Rodríguez acusó a Washington de intentar sabotear un próximo debate en las Naciones Unidas sobre el embargo, presionando a los Estados miembros para que no participen. Cuba solicitó la sesión especial al considerar que el asunto ha cobrado mayor urgencia debido a la continua expansión de las sanciones estadounidenses.

Según el gobierno cubano, las restricciones más recientes han afectado gravemente las importaciones de combustible, lo que agrava una situación energética ya extremadamente delicada. La isla ha sufrido prolongados apagones, escasez de transporte y crecientes dificultades para mantener en funcionamiento hospitales, escuelas y otros servicios esenciales.

Rodríguez sostuvo que estas medidas tienen consecuencias humanas reales y que quienes soportan el mayor peso de la política estadounidense no son los funcionarios del gobierno, sino el pueblo cubano.

Sus preocupaciones coinciden con las advertencias formuladas por altos funcionarios de las Naciones Unidas, quienes han expresado su alarma por el impacto humanitario de la escasez que afecta al sistema de salud y a los sectores más vulnerables de la población. Representantes de derechos humanos de la ONU han pedido reconsiderar las sanciones que obstaculizan el acceso a medicamentos esenciales y a equipos médicos, especialmente cuando estas contribuyen al deterioro de las condiciones de vida.

A pesar del creciente desafío económico, Cuba ha comenzado a implementar importantes reformas. A principios de este mes, la Asamblea Nacional aprobó medidas destinadas a ampliar las oportunidades para las pequeñas y medianas empresas, atraer inversión extranjera y otorgar mayor flexibilidad en el sistema económico socialista del país.

Al mismo tiempo que reconocen la necesidad de modernizar la economía, los dirigentes cubanos han reiterado que estas reformas buscan fortalecer —no sustituir— el sistema político del país. La Habana ha rechazado las exigencias externas de un cambio de régimen, insistiendo en que el futuro de Cuba debe ser decidido exclusivamente por el pueblo cubano.

El gobierno también ha adoptado varias medidas de carácter humanitario en los últimos meses, entre ellas la liberación de más de 2.000 personas privadas de libertad. Aunque algunos críticos señalaron que no todos los detenidos por motivos políticos fueron incluidos, las autoridades cubanas describieron la medida como parte de un esfuerzo más amplio para atender preocupaciones humanitarias, mientras continúan impulsando reformas internas.
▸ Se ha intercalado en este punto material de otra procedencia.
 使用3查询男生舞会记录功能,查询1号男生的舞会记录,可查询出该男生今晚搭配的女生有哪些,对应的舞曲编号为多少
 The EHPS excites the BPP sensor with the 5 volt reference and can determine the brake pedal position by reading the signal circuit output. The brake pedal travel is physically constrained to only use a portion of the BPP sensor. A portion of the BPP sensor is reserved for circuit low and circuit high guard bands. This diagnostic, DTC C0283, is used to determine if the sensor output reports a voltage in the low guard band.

Mientras tanto, Washington ha dado pocas señales de que vaya a suavizar su postura. La administración Trump ha impuesto nuevas sanciones contra el presidente Miguel Díaz-Canel y otros altos funcionarios cubanos, además de ampliar las restricciones al sector energético estatal. El secretario de Estado, Marco Rubio, sostiene que son décadas de mala gestión económica del gobierno cubano —y no las sanciones estadounidenses— las principales responsables de las dificultades que enfrenta la isla.

La Habana rechaza ese argumento y afirma que ninguna economía puede desarrollarse normalmente bajo uno de los sistemas de sanciones económicas más prolongados del mundo. Las autoridades cubanas sostienen que el embargo, reforzado por nuevas restricciones financieras y energéticas, se ha convertido en una forma de guerra económica destinada a provocar un cambio político mediante el sufrimiento económico de la población.
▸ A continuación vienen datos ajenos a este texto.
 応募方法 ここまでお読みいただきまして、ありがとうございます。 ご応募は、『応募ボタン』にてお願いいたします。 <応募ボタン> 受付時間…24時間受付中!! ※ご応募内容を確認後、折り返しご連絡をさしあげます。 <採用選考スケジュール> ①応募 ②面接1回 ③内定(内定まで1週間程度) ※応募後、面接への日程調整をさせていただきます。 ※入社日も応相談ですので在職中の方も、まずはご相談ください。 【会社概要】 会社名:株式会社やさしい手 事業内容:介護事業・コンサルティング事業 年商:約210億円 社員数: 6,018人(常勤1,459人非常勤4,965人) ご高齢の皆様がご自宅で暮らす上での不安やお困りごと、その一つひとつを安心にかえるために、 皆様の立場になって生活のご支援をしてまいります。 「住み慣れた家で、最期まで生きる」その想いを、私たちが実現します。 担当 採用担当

Por ahora, ambos gobiernos parecen mantenerse firmes en sus respectivas posiciones. Cuba afirma que continúa dispuesta a mantener conversaciones diplomáticas basadas en el respeto mutuo y la igualdad soberana, mientras que Washington sigue recurriendo a las sanciones como su principal instrumento de política exterior.

Sin señales de que alguna de las dos partes esté dispuesta a modificar su postura, las posibilidades de una mejora significativa en las relaciones entre Estados Unidos y Cuba parecen hoy tan lejanas como siempre, dejando al pueblo cubano como el principal afectado por un conflicto sin resolver que ya supera las seis décadas.